■ WORK ITEM
Output only the lines below that start at the line containing "今世缘国缘对开 柔雅型白酒 42度 500ml*2瓶 礼盒装 常规送礼" and end at the line containing "该房源坐落在历史悠久、充满活力的Sailboat Bend街区,距离Las Olas", with both ends kept.

■ RECORDS SHOWN
——————
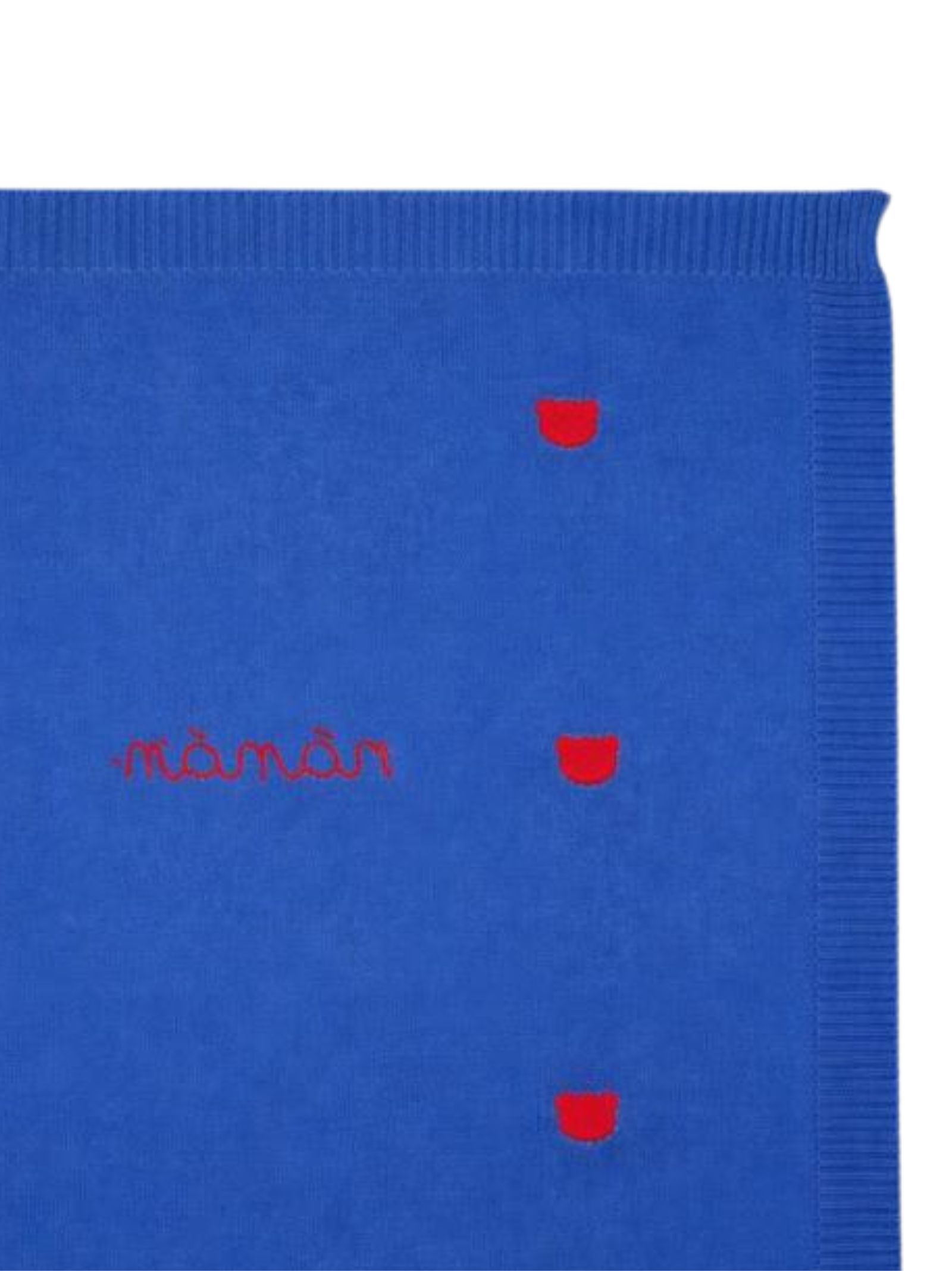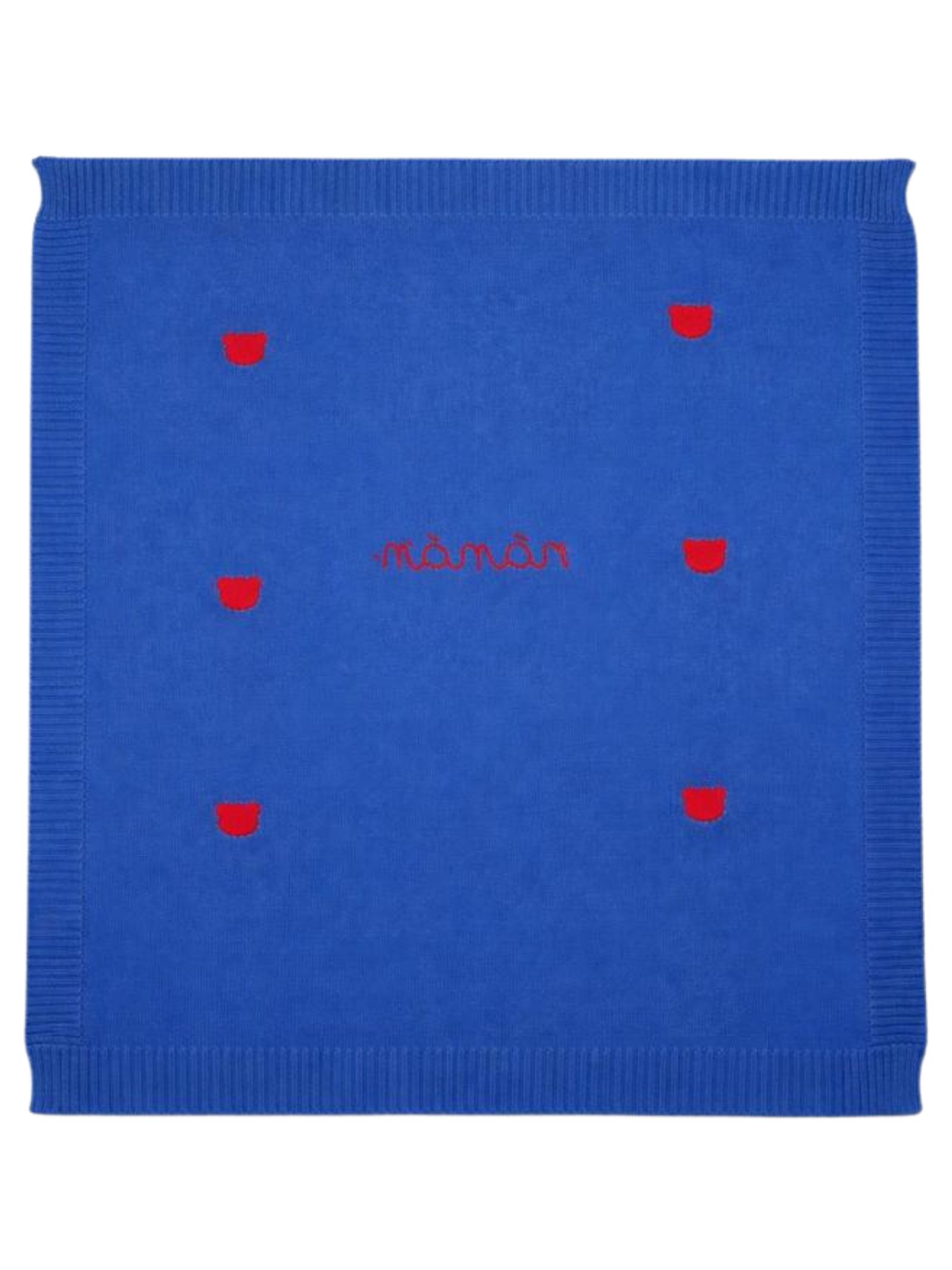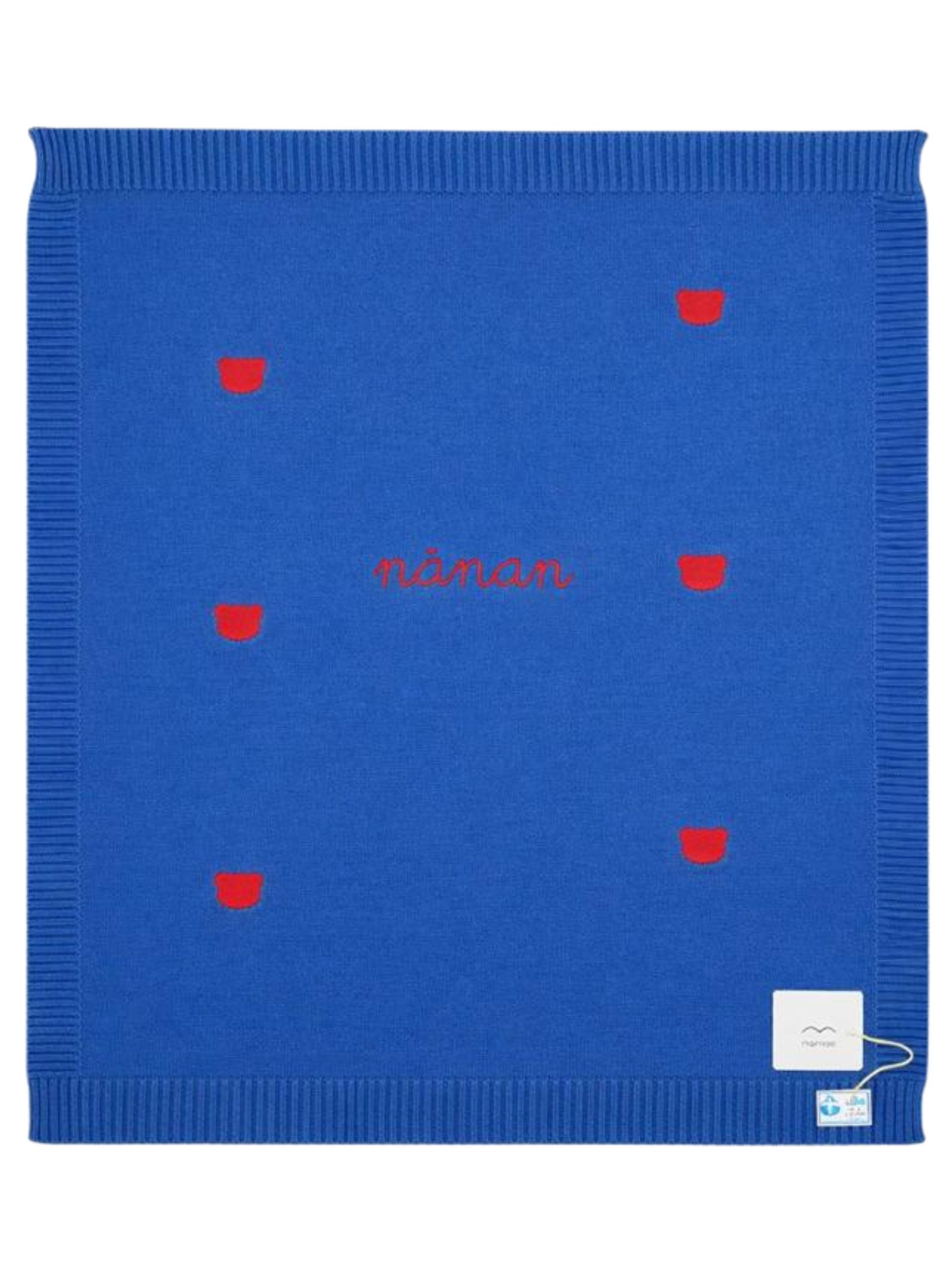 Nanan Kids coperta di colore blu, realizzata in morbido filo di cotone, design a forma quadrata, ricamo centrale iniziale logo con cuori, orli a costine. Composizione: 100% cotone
——————
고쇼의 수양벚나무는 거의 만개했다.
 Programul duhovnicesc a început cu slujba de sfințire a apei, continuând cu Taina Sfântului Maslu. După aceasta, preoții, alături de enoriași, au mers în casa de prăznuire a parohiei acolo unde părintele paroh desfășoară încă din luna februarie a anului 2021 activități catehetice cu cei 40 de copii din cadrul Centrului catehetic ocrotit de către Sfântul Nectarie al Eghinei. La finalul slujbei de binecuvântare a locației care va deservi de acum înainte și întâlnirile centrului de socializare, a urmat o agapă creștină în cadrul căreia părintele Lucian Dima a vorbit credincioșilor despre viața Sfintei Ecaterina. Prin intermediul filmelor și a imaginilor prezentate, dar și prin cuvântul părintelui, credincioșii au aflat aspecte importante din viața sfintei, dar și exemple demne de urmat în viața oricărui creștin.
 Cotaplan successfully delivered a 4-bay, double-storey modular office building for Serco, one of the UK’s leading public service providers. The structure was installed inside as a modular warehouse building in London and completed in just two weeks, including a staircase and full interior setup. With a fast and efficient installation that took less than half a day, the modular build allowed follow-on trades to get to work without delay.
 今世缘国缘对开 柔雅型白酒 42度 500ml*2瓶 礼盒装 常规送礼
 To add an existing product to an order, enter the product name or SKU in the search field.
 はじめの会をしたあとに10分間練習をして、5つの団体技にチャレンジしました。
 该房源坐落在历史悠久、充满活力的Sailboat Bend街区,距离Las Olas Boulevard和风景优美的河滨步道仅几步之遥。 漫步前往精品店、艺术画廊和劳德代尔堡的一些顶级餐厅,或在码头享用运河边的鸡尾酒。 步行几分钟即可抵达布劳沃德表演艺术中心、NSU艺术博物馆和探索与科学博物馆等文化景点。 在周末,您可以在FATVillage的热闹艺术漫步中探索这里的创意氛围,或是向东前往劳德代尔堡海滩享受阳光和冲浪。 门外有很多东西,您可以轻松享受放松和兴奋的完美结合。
——————
■ RESPONSE BELOW
 今世缘国缘对开 柔雅型白酒 42度 500ml*2瓶 礼盒装 常规送礼
 To add an existing product to an order, enter the product name or SKU in the search field.
 はじめの会をしたあとに10分間練習をして、5つの団体技にチャレンジしました。
 该房源坐落在历史悠久、充满活力的Sailboat Bend街区,距离Las Olas Boulevard和风景优美的河滨步道仅几步之遥。 漫步前往精品店、艺术画廊和劳德代尔堡的一些顶级餐厅,或在码头享用运河边的鸡尾酒。 步行几分钟即可抵达布劳沃德表演艺术中心、NSU艺术博物馆和探索与科学博物馆等文化景点。 在周末,您可以在FATVillage的热闹艺术漫步中探索这里的创意氛围,或是向东前往劳德代尔堡海滩享受阳光和冲浪。 门外有很多东西,您可以轻松享受放松和兴奋的完美结合。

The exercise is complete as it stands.